During this visit to London, Sir Walter appears to have been consulted by several persons in authority as to the project of a Society of Literature, for which the King's patronage had been solicited, and which was established soon afterwards — though on a scale less extensive than had been proposed at the

outset. He expressed his views on this subject in writing at considerable length to his friend the Hon. John Villiers (afterwards Earl of Clarendon ;*) but of that letter, described to me as a most admirable one, I have as yet failed to recover a copy. I have little doubt, that both the letter in question, and the following, addressed, soon after his arrival at Abbotsford, to the then Secretary of State for the Home Department, were placed in the hands of the King; but it seems probable, that whatever his Majesty may have thought of Scott's representations, he considered himself as already, in some measure, pledged to countenance the projected academy.

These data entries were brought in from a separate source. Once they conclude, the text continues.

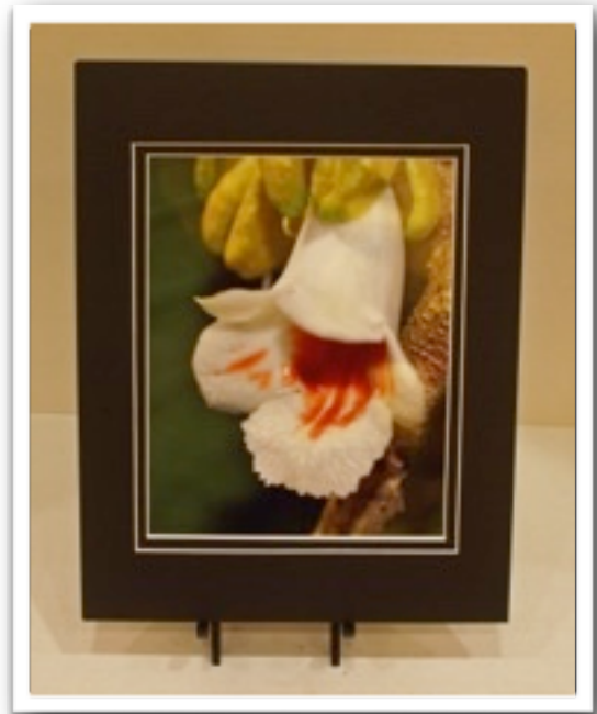
Drymonia macrantha (flower)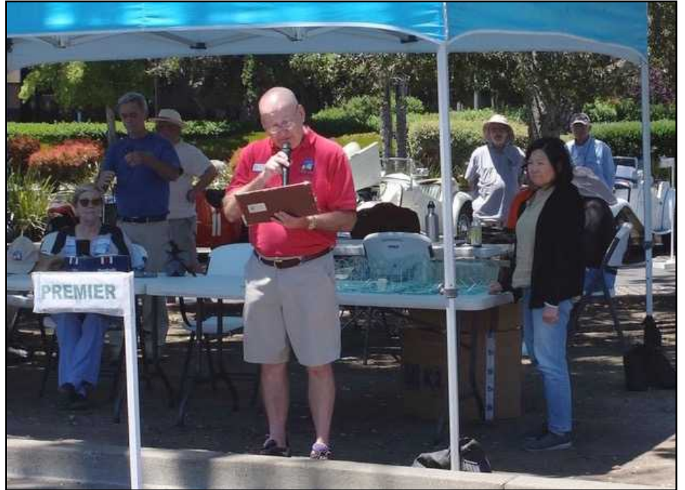
Rayman photos below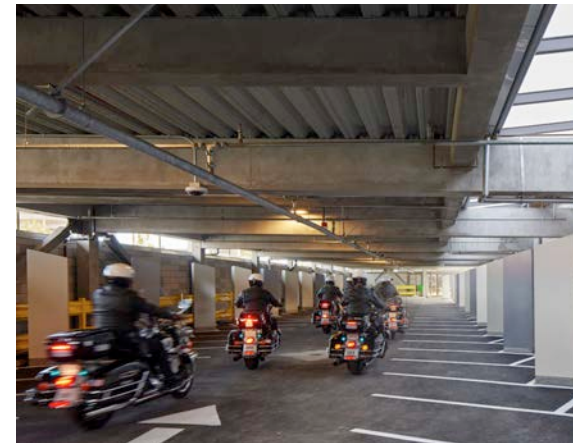
Traffic Company and Forensic Services Division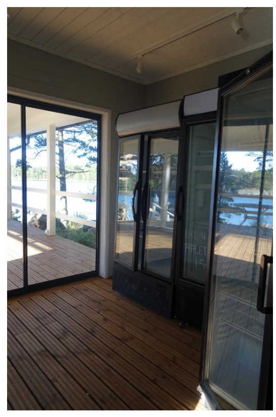
Harbour shop in the service building.

To the Right Hon. the Lord Viscount Sidmouth,

&c. &c. &c., Whitehall.

“ Abbotsford, April 20, 1821. “ My Dear Lord,

“ Owing to my retreat to this place, I was only honoured with your Lordship’s letter yesterday. Whatever use can be made of my letter to stop the very ill contrived project to which it relates, will answer the purpose for which it was written. I do not well remember the terms in which my remonstrance to Mr Villiers was couched, for it was positively written betwixt sleeping and waking ; but your Lordship will best judge how far the contents

* The third Earl (of the Villierscs) died in 1838.